The bird swung around to the left and I had the crosshairs waiting on him. He stopped at 15 yards and I shot under a branch and put him in a pile. The bird never strutted or gobbled. This bird weighed 19 pounds, had a 9 3/4-inch beard and 7/8-inch spurs, but his wing feathers showed no sign of any strutting wear, which is somewhat unusual for a mature gobbler. After we pieced the situation together, it was a good guess that the other dominant gobbler had probably whipped this tom into submission, which was keeping this and other birds from displaying or gobbling.
Hunt the boss
Situations where a dominant bird has the rest of the resident toms scared silly makes for some tough hunting. Birds often gobble from the roost and then go silent when they hit the ground. The best solution to this problem is the most difficult to accomplish—Kill the dominant gobbler. Often, the rest of the gang will crank up soon after, as they try to reestablish their pecking order again.

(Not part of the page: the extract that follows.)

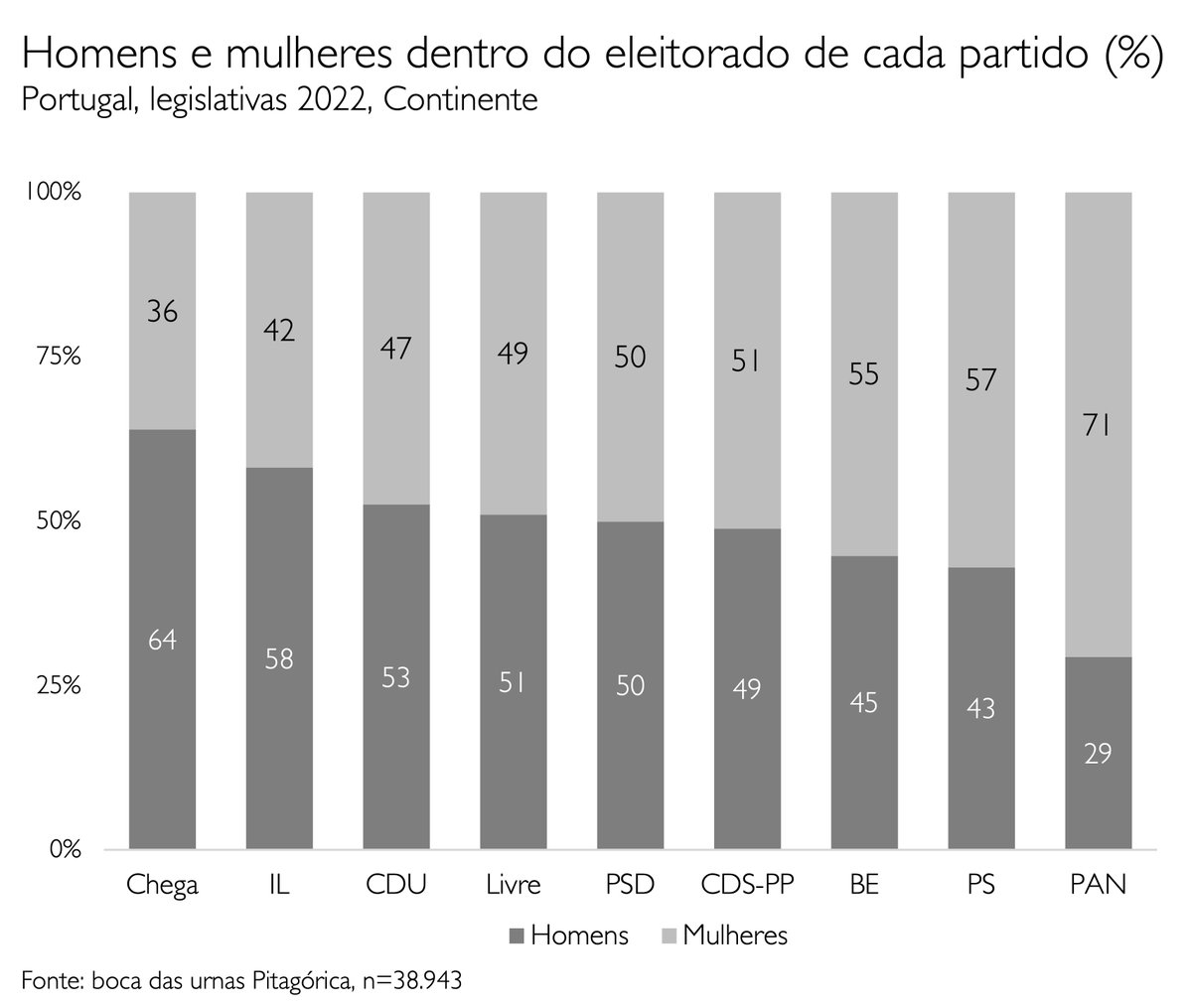 Isto produz composições muito diferentes dos grupos de votantes em cada partido. Nos extremos, quase 2/3 dos que votaram Chega são homens; mais de 2/3 das que votaram PAN são mulheres. E relativamente forte feminização do PS e do BE também (3)

But how do you kill the dominant gobbler, you ask? It all starts by singling out the dominant bird and hunting him until you kill him. Sometimes it will wreck a season, but it can be done. On more than one occasion, I’ve roosted a dominant gobbler with his hens and scattered them the night before I planned to hunt. The next morning, the old bird was rather lonely and practically landed in my lap.
In lateMarch 1998, I was hunting with writer Glynn Harris and biologist Luke Lewis at Dennis “Skinny” Halmark’s lease near Hackneyville, Alabama. I had spent two days hunting for a gobbler that was ruling the roost on part of Skinny’s lease. The bird wasn’t gobbling, nor was he letting any of the other toms strut or gobble.
That afternoon, I took Glynn back to the food plot at 1:30 and set up below the hill to catch the birds moving up a skidder trail that led into the opening. We sat there for 1 hour and 45 minutes, calling every 20 to 30 minutes. Nothing showed, so I decided to move.
When we packed up I took the lead and headed up the hill to the food plot. When I was about three steps from seeing into the food plot, I shouldered my Mossberg 9200 like a SWAT Team officer and advanced. When I broke the rise, I saw a gobbler standing there in the shade. He ran and I swung on him and rolled him at 26 yards. The hi-velocity load of Winchester No. 5s broke his neck. The tom weighed 20 pounds, had a 12 1/8-inch beard and sported 1-7/16-inch spurs. This dominant bird didn’t give a hoot about gobbling, and was content to strut and wait for the hens to come to him. I never would have had a chance at this crusty old limb-hanger if I hadn’t been ready when the opportunity presented itself.
Stay in the game
When birds are keeping quiet, old-fashioned patience is the order of the day. A few days ago, I was in Arkansas after four days of filming for Turkey Call Television. After the camera crew was on its way back home I had one day to try and fill a tag.
Hunting from daylight to 3:00 p.m. with Roger Hook, we left the woods. Roger had to visit one of his sick church members at a local hospital, and I grabbed a sandwich. I was still chewing the last bites of a bologna sandwich when I grabbed my gun and vest and headed back for another try. I had been sitting for about 90 minutes when I heard a single yelp from the brush-choked valley below. I yelped back, but nothing answered. A few minutes later a crow winged over head and cawed at the turkeys below.
The longbeard couldn’t help himself and answered with a half-hearted gobble. I yelped softly and the birds started heading my way… silently. A few more yelps and the mature bird eased up the hill to investigate. At 30 yards I stopped his progress with a load of Federal No. 5s. Staying in the hunt, even when the birds weren’t gobbling much helped me bag this Arkansas ridge runner.